An experiment was performed to test scopoletin’s nematicidal properties by adding the second instar larval suspension of the SCN (200 J2/50 L) to the 1-mL sample solution in a 35-mm Petri dish. Nematodes were treated with seven solutions (S, T, T1, T2, T3, T4, and T5). After cultivating the Petri dish containing nematodes in a constant-temperature incubator (25 ± 2 °C) for 12, 24, 48, 72, and 96 h, the second-stage juveniles of live and dead SCNs were counted under an optical microscope (n = 6). The adjusted mortality was calculated according to the following formula: adjusted mortality = (treatment mortality − control mortality)/control mortality × 100 + 100.

Scopoletin was dissolved in 1% methanol to prepare T1 (81.00 μg/mL), T2 (40.50 μg/mL), T3 (20.25 μg/mL), T4 (4.05 μg/mL), and T5 (0.81 μg/mL). In addition, 1% methanol (T) in water (S) served as a control (CK). Fine needles were used to detect deformed, immobile, or stationary juveniles, which were considered dead.

4.7. Biocontrol of H. glycines by Scopoletin in Pot Tests

Seeds were coated with scopoletin in a proportion of approximately 70:1 (w:v). At 3, 6, and 9 dpi, the amount of juveniles inside the roots, root length, fresh root weight, and fresh shoot weight were recorded.
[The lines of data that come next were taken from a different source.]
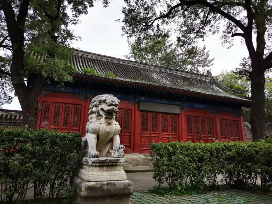 ③第二进殿。为天王殿,面阔3间,七檩悬山顶。殿前置龟趺石碑2通。殿东、西两侧建有配殿,面阔各5间,七檩硬山顶。
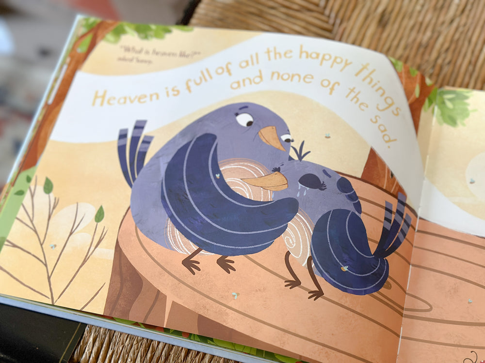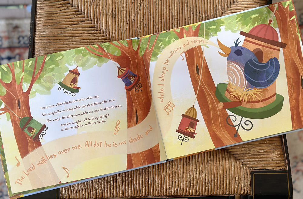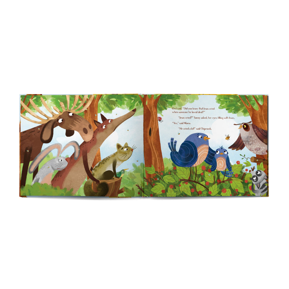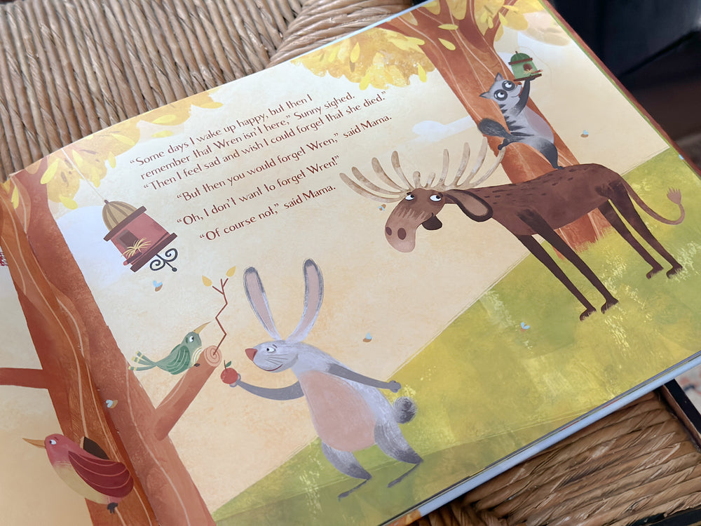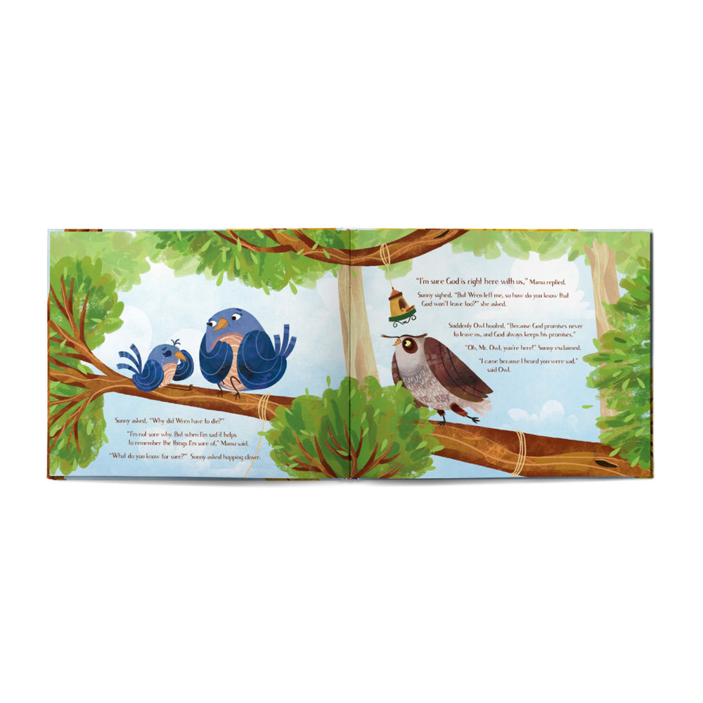 Sunny is a little bluebird who loves to sing happy songs until the death of Wren. Sunny's heart hurts because she misses her friend, and she doesn't feel like singing anymore. But Sunny's Mama and forest friends gather around her, teaching her how to share her sadness with God and others. Sunny learns to remember what she can count on about God's love and care and all the love she shared with Wren.
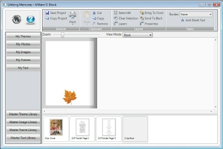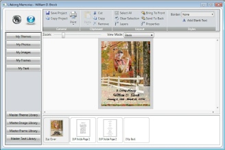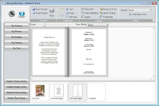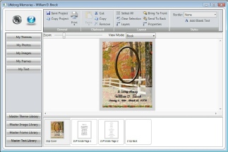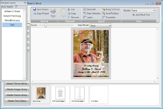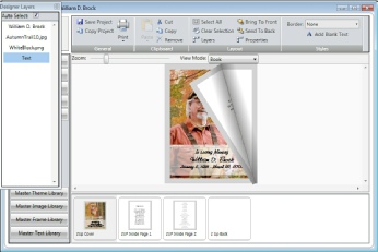 Lifelong Publisher will automatically bring in the inputted data you placed in the data entry screen. Just like the cover you have the ability to double click any text item and do an edit on it. You also have available Text libraries such as poems and prayers that you can also use. If you would like to use a poem other than the one included in the theme you can Remove it and replace it with a different one. To bring in a new text item click on the Master Text Library button, locate a new item and drag it into your project. If you would like to put an obituary in the text box you will first have to copy the obituary text to the clipboard. Your word processing program should allow you to do that.
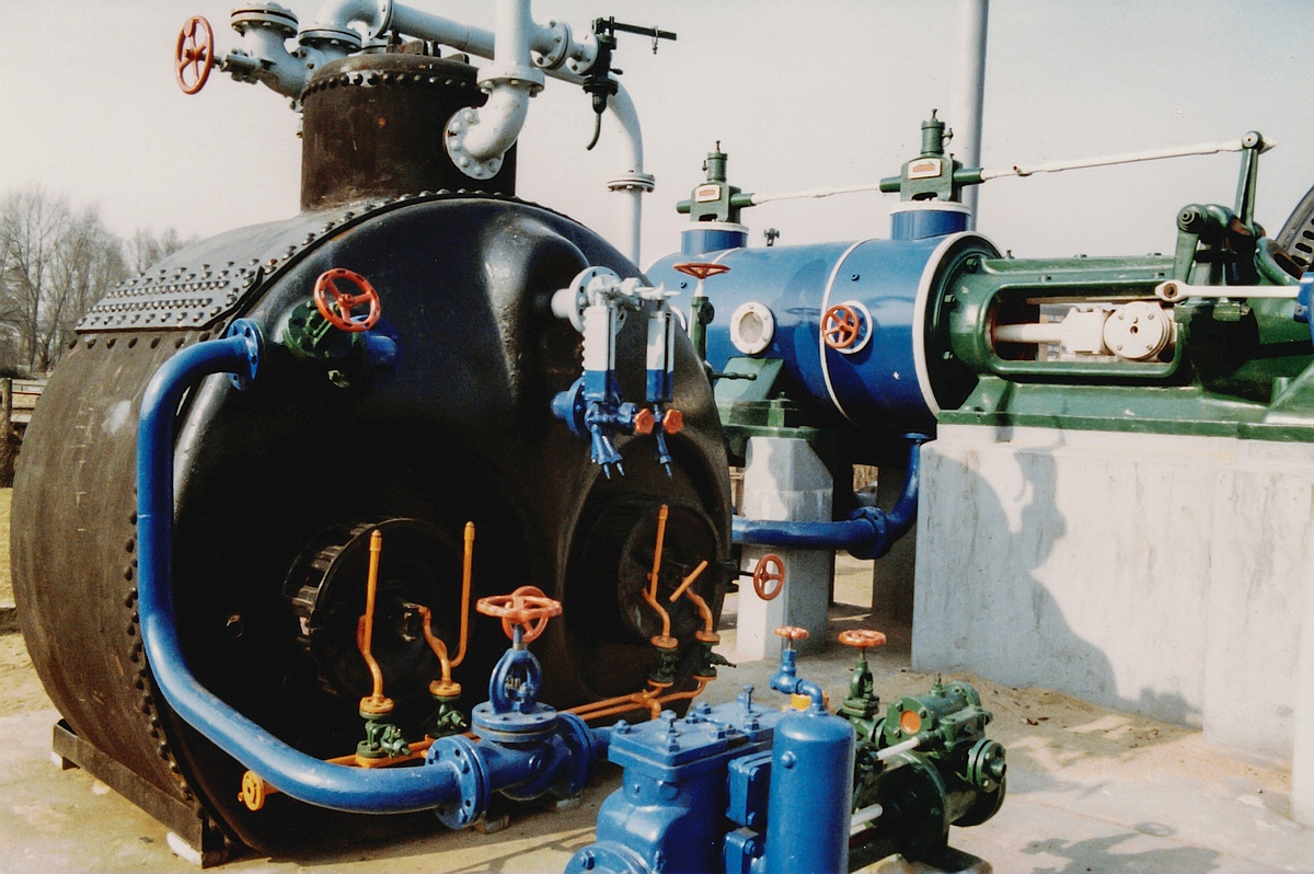 Der im Bild links zu erkennende Dampfkessel stammt ursprünglich von der Hefefabrik Asmussen, Elmshorn. |
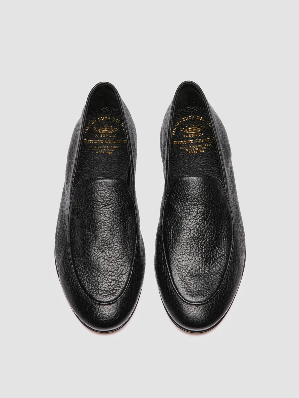 Realizzati a mano in Italia, i mocassini Airto 018 presentano una silhouette morbida e sfoderata in pregiata pelle nera. Il design minimalista senza lacci è abbinato a un’elegante suola in cuoio e a un sottile tacco a blocco.
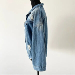 Distressed Raw Edge Denim Jean Jacket
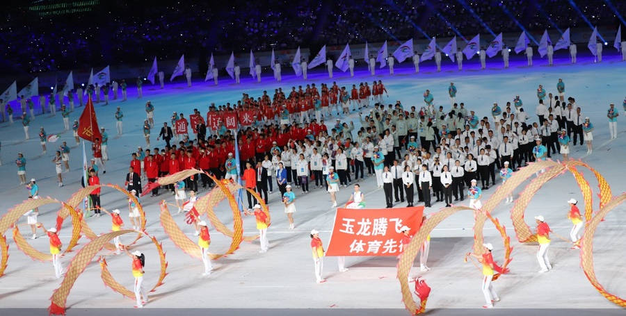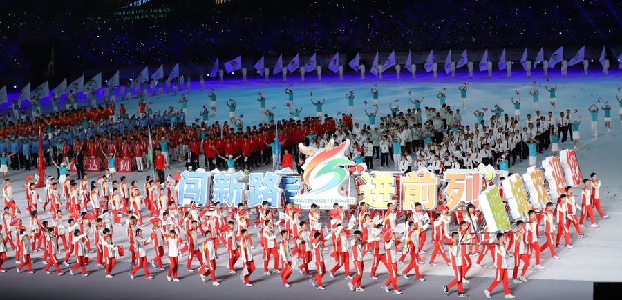 開幕式現(xiàn)場座無虛席,萬眾矚目下儀仗隊(duì)護(hù)送五星紅旗步入會(huì)場,國旗莊嚴(yán),腳步鏗鏘,一種豪邁和驕傲激蕩在每個(gè)人的心里。
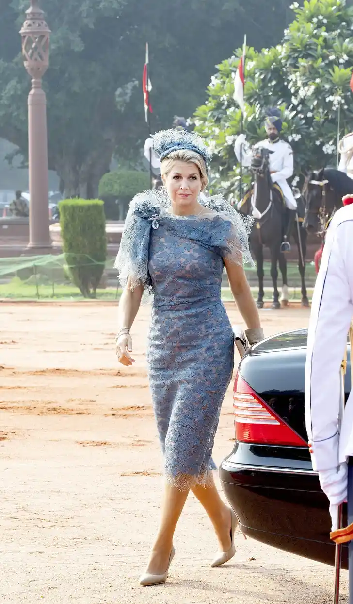 De eerste dag van een staatsbezoek is altijd de meest formele en Máxima ging dan ook sterk van start in matblauwe kant die aan de bovenkant wat om haar heen wolkte. Het betrof een ontwerp van Natan.
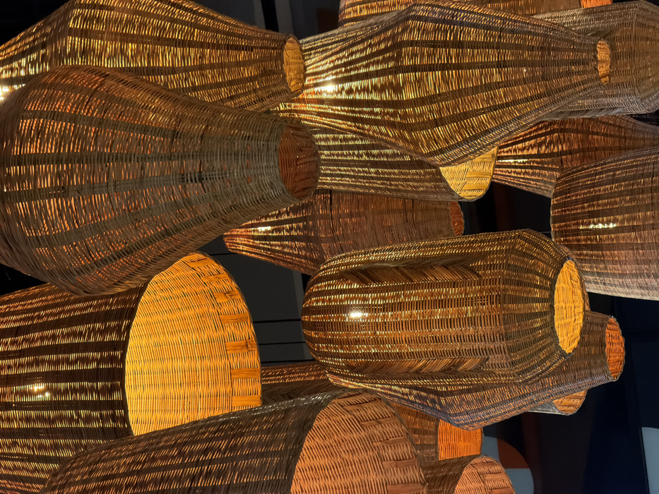 - "A cluster of multiple illuminated, woven wicker or rattan lampshades hangs from a dark ceiling, filling the frame" by FM-iZ0253, licensed under CC BY 4.0

The test design reference was 4.3. The optimal concentration of scopoletin was used for field trials.

4.8. Biocontrol of H. glycines by Scopoletin in Field Tests

The optimal concentration of scopoletin was used in pot tests for the field test. Soybean seeds were coated with scopoletin in May 2017 and 2018 at NINC of Shenyang Agricultural University. Scoploletin was applied to soybean seeds in a 70:1 (g/mL) ratio. The test design reference was 4.4. Fresh weight, root/shoot lengths of the above seedlings, juvenile quantity within roots and cyst quantity on roots, cysts per 100 mL, dry weight of the seedlings, pod/seed quantities in each plant, yield per plot, and 100-seed weight were recorded.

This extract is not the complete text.